- _BRIEF_
Exclude all pictures. Then restate, word for word, the entries from the first line through the line that contains "Zusammenarbeit mit autoritären".

Content starts

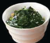
A11 Wakame alghe con salsa € 3.50
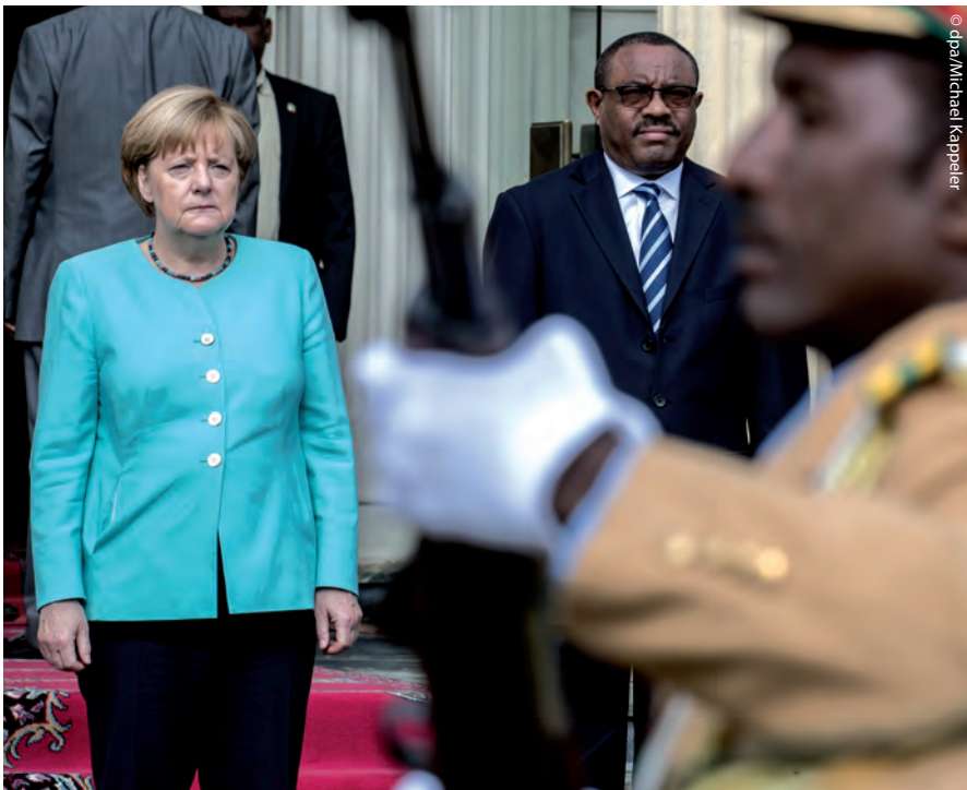
Zusammenarbeit mit autoritären Regimes zur „Migrationskontrolle“: Angela Merkel bei ihrem Besuch in Äthiopien im Oktober 2016.

Vor Europas Grenzen tobt der Krieg in Syrien mit unerbittlicher Härte, die Lage in Afghanistan ist unsicherer als je zuvor. Die Diktatur in Eritrea, die Terrormilizen in Somalia sowie die katastrophale Menschenrechtssituation in vielen anderen Ländern und Regionen treiben die Schutzsuchenden über das Mittelmeer.
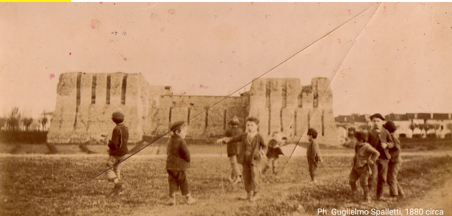
1880 circa
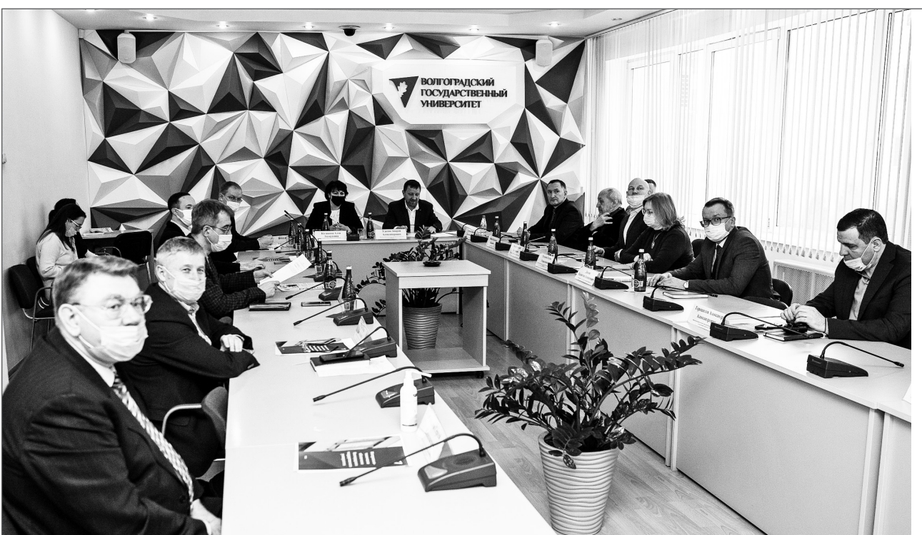
Полосу подготовила Вера Фетисова

В планах Студенческого клуба межкультурной коммуникации проведение тематических встреч: «национальные традиции и обычаи», «дни национальной моды», «деловой этикет в различных странах мира и особенности ведения переговоров», «традиционные детские и спортивные игры народов мира».
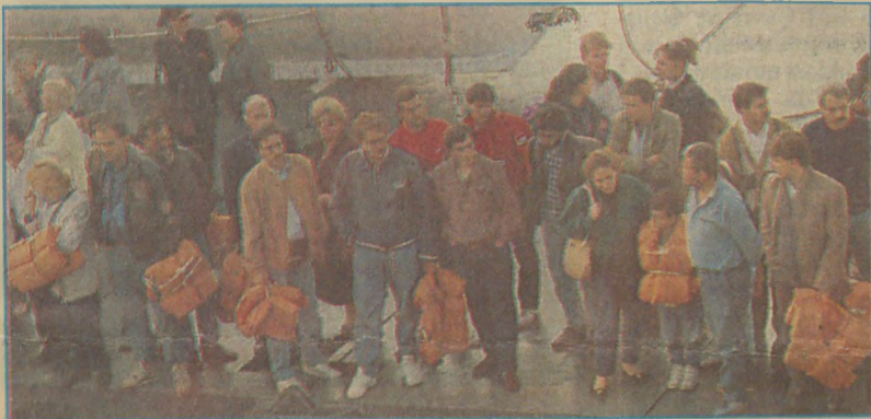
Kurtulanlar uzun süre can yeleklerini ellerinden bırakamadı
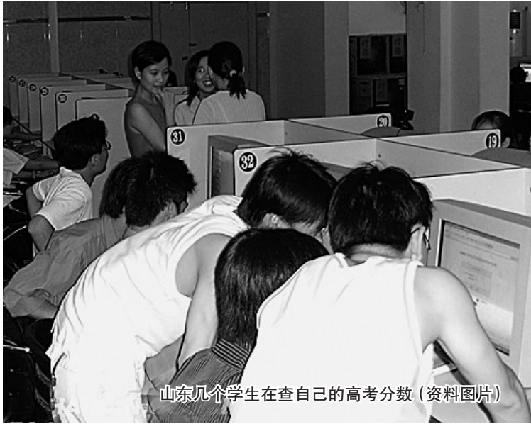
山东几个学生在查自己的高考成绩(资料图片)
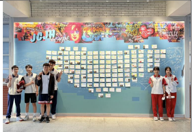
【彈性課程-全球議題】 | 藍儂牆與人權明信片

Content ends

- _EXERCISE ANSWER_
A11 Wakame alghe con salsa € 3.50
Zusammenarbeit mit autoritären Regimes zur „Migrationskontrolle“: Angela Merkel bei ihrem Besuch in Äthiopien im Oktober 2016.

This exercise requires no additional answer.